*DIRECTIONS FOR THIS TASK*: Copy out exactly, from the entries that follow, the line holding "Fabrication et installation", the line holding "Svarta mjukisbyxor från", and all lines between them, but no pictures.

*ENTRIES PROVIDED*:
Start of Block

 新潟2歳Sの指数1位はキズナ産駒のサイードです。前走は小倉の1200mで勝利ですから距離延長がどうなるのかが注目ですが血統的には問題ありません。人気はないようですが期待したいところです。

End of Block
Start of Block

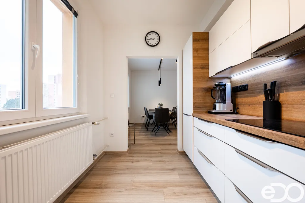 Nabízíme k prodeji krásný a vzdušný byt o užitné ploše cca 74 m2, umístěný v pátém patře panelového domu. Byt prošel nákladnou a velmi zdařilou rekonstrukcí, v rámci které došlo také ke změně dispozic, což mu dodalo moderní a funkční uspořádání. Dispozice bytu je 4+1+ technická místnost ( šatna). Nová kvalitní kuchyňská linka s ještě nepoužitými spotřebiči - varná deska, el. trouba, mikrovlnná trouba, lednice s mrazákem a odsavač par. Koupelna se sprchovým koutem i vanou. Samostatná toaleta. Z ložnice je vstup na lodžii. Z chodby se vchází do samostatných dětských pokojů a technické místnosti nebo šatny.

End of Block
Start of Block

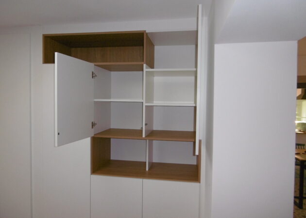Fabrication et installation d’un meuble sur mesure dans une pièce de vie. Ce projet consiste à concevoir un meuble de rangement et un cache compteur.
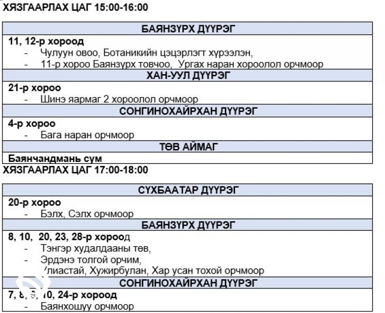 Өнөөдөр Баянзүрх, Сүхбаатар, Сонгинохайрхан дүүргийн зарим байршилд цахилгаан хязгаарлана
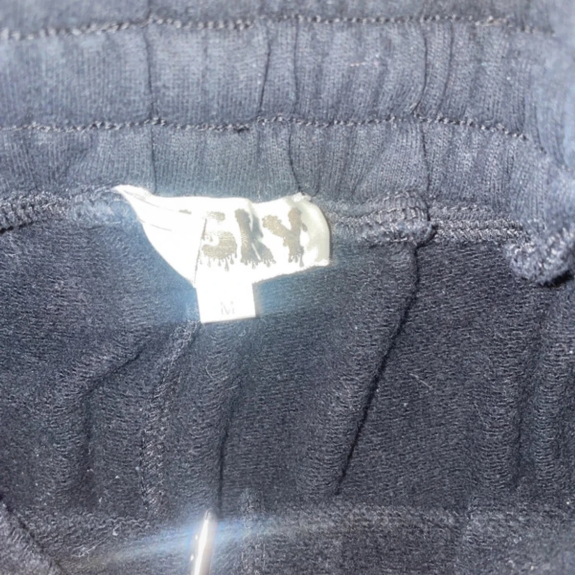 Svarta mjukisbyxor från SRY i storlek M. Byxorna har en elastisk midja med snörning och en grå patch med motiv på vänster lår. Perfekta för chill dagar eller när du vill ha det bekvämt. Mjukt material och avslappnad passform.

End of Block

*RESPONSE FOR THIS EXERCISE*:
Fabrication et installation d’un meuble sur mesure dans une pièce de vie. Ce projet consiste à concevoir un meuble de rangement et un cache compteur.
 Өнөөдөр Баянзүрх, Сүхбаатар, Сонгинохайрхан дүүргийн зарим байршилд цахилгаан хязгаарлана
 Svarta mjukisbyxor från SRY i storlek M. Byxorna har en elastisk midja med snörning och en grå patch med motiv på vänster lår. Perfekta för chill dagar eller när du vill ha det bekvämt. Mjukt material och avslappnad passform.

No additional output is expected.